В 1941 году Волкова преподает в балетной труппе Дианы Гульд; в 1942 году открывает собственную балетную школу в небольшом помещении с обшарпанными стенами, неровным полом и маленькой раздевалкой по адресу West Street, 26. Во время войны Вера Волкова находилась в романтических отношениях с танцовщиком Хенри Дантоном.

После войны де Валуа предложила ей заключить постоянный контракт — но с тем условием, что она закроет свою лондонскую студию. Волкова отказалась, после чего де Валуа запретила своим артистам посещать её студию. Вскоре после этого Волкова переехала в Копенгаген[1]:81.

После войны Лондон становится меккой танца.
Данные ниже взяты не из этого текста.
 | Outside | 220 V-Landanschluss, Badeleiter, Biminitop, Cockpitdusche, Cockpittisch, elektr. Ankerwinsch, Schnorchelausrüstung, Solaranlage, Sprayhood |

Сюда приезжают европейские и американские труппы с гастролями. Танцовщики со всего мира приезжают в поисках работы и тренинга. Уроки у Волковой берут Эрик Брун, Карла Фраччи, Эльза Марианна фон Розен, Тони Ландер, Поль Гнатт, Соня Арова, Светлана Берёзова, Алексис Рассин. Из Парижа приезжают Ролан Пети вместе с Зизи Жанмер, Жан Бабиле и Натали Филлипарт, Морис Бежар. Из Американского балета — Нора Кай и Мелисса Найден. Впервые на её педагогическую работу обращает внимание критика, называя её метод мистическим и харизматическим одновременно. Сама Вера Волкова понимала необходимость воспитания верного понимания танца у балетных критиков, давала уроки критику Ричарду Баклу.
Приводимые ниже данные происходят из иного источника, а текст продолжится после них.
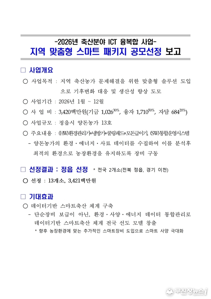 전북특별자치도는 농림축산식품부가 추진한 ‘2026년 지역 맞춤형 스마트축산 패키지 공모사업’에서 정읍시가 최종 선정됐다고 3일 밝혔다. 이번 선정으로 정읍 지역 양돈농가 13곳을 대상으로 총 34억 2,100만 원 규모의 스마트축산 패키지 구축사업이 내년부터 본격 추진된다.
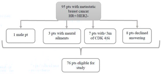 This study was conducted on a group of 95 patients diagnosed with HR+/HER2− metastatic breast cancer and treated with CDK4/6 inhibitors. Out of these, 76 patients met the inclusion criteria, and the reported outcomes are derived from this carefully selected group (Figure 2). Three patients with psychiatric problems, seven patients with less than three months of therapy with CDK4/6i, eight patients who declined to answer, and one male patient were eliminated from the study.
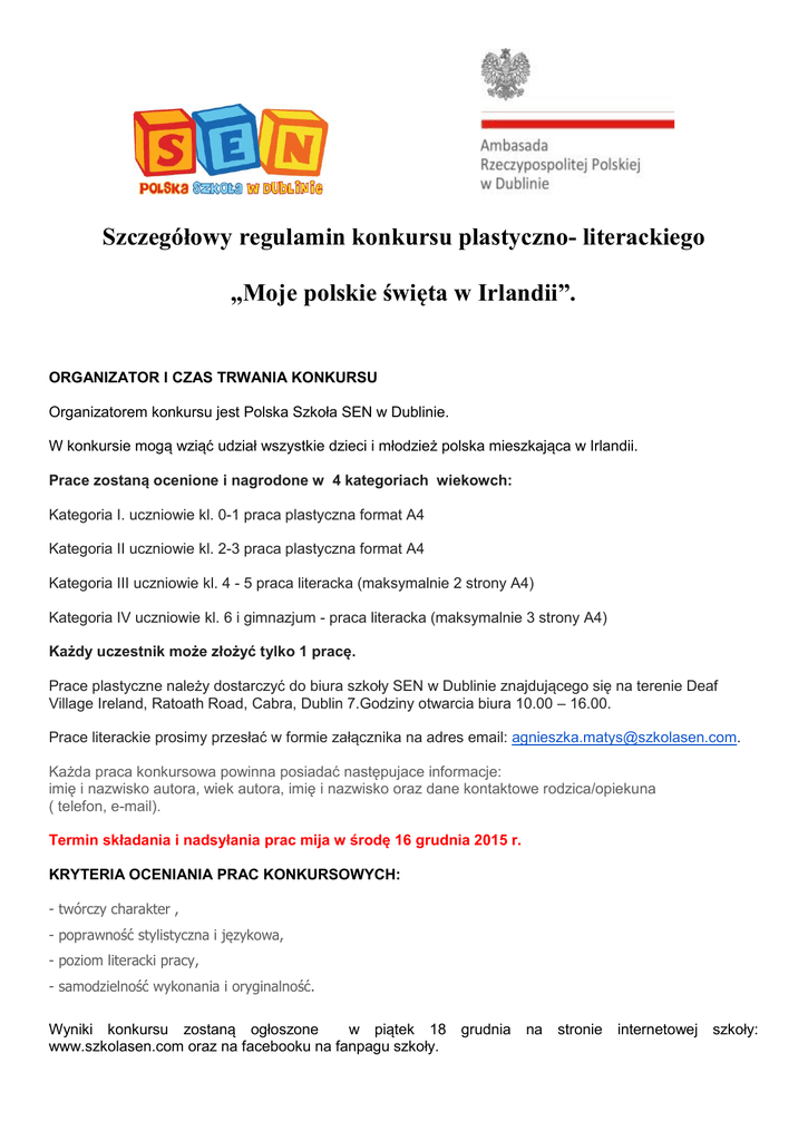 Szczegółowy regulamin konkursu plastyczno- literackiego „Moje polskie święta w Irlandii”. ORGANIZATOR I CZAS TRWANIA KONKURSU Organizatorem konkursu jest Polska Szkoła SEN w Dublinie. W konkursie mogą wziąć udział wszystkie dzieci i młodzież polska mieszkająca w Irlandii. Prace zostaną ocenione i nagrodone w 4 kategoriach wiekowch: Kategoria I. uczniowie kl. 0-1 praca plastyczna format A4 Kategoria II uczniowie kl. 2-3 praca plastyczna format A4 Kategoria III uczniowie kl. 4 - 5 praca literacka (maksymalnie 2 strony A4) Kategoria IV uczniowie kl. 6 i gimnazjum - praca literacka (maksymalnie 3 strony A4) Każdy uczestnik może złożyć tylko 1 pracę. Prace plastyczne należy dostarczyć do biura szkoły SEN w Dublinie znajdującego się na terenie Deaf Village Ireland, Ratoath Road, Cabra, Dublin 7.Godziny otwarcia biura 10.00 – 16.00. Prace literackie prosimy przesłać w formie załącznika na adres email: [email protected]. Każda praca konkursowa powinna posiadać następujace informacje: imię i nazwisko autora, wiek autora, imię i nazwisko oraz dane kontaktowe rodzica/opiekuna ( telefon, e-mail). Termin składania i nadsyłania prac mija w środę 16 grudnia 2015 r. KRYTERIA OCENIANIA PRAC KONKURSOWYCH: - twórczy charakter , - poprawność stylistyczna i językowa, - poziom literacki pracy, - samodzielność wykonania i oryginalność. Wyniki konkursu zostaną ogłoszone w piątek 18 grudnia www.szkolasen.com oraz na facebooku na fanpagu szkoły. na stronie internetowej szkoły: Rozdanie nagród odbędzie się w sobotę 19 grudnia 2015 r. w szkole SEN w Dublinie i będzie połączone z uroczystą Wigilią szkolną. Laureaci będą powiadomieni drogą telefoniczną lub e-mailową. Uczestnicy wyrażają zgodę na opublikowanie danych osobowych oraz uzyskanych wyników na stronie internetowej i na fanpagu szkoły SEN. We wszystkich sprawach nieuregulowanych regulaminem decyduje jury konkursu.

В 1951 году принимает приглашение директора миланского театра «Ла Скала» Гирингелли возглавить балетную труппу этого театра. Однако это сотрудничество было непродолжительным — после шести месяцев работы Волкова покинула этот пост.

Копенгаген

6 октября 1951 года, по приглашению директора Королевского театра Дании она прибывает в Копенгаген. Перед ней встаёт задача при сохранении традиций датского хореографа Августа Бурнонвиля привести танцовщиков на уровень ведущих национальных балетных трупп. Именно в Копенгагене её педагогический талант получает своё полноценное выражение. Она буквально ставит балет («Сильфиду») на пальцы. Техника «на пальцах» у Бурнонвиля была весьма ограниченной. Волкова фокусирует то немногое, что несомненно подчеркнуло драматизм и эстетику танца — его хрупкость. Она улучшает положение рук и свободу плеч. Следит за правильным разворотом бёдер у танцовщиков, правильным дыханием. Обращает особое внимание на тело как единое целое с центром координации в корпусе, на необходимость соединения пластичности французской школы с виртуозностью школы итальянской. Формируя саму школу, Волкова проявляет не только свою профессиональную, но и человеческую позицию. Интересен тот факт, что когда аспиранты должны были сдавать экзамен при зачислении в основную труппу, то очень способного танцовщика Хеннинга Кронстама из-за его гомосексуальности (опасаясь возможных скандалов) принимать не рекомендовали. На что Вера Волкова решительно выразила протест, заявив, что если его не зачислят, то она не останется в театре. Она всегда была настроена на диалог с учениками.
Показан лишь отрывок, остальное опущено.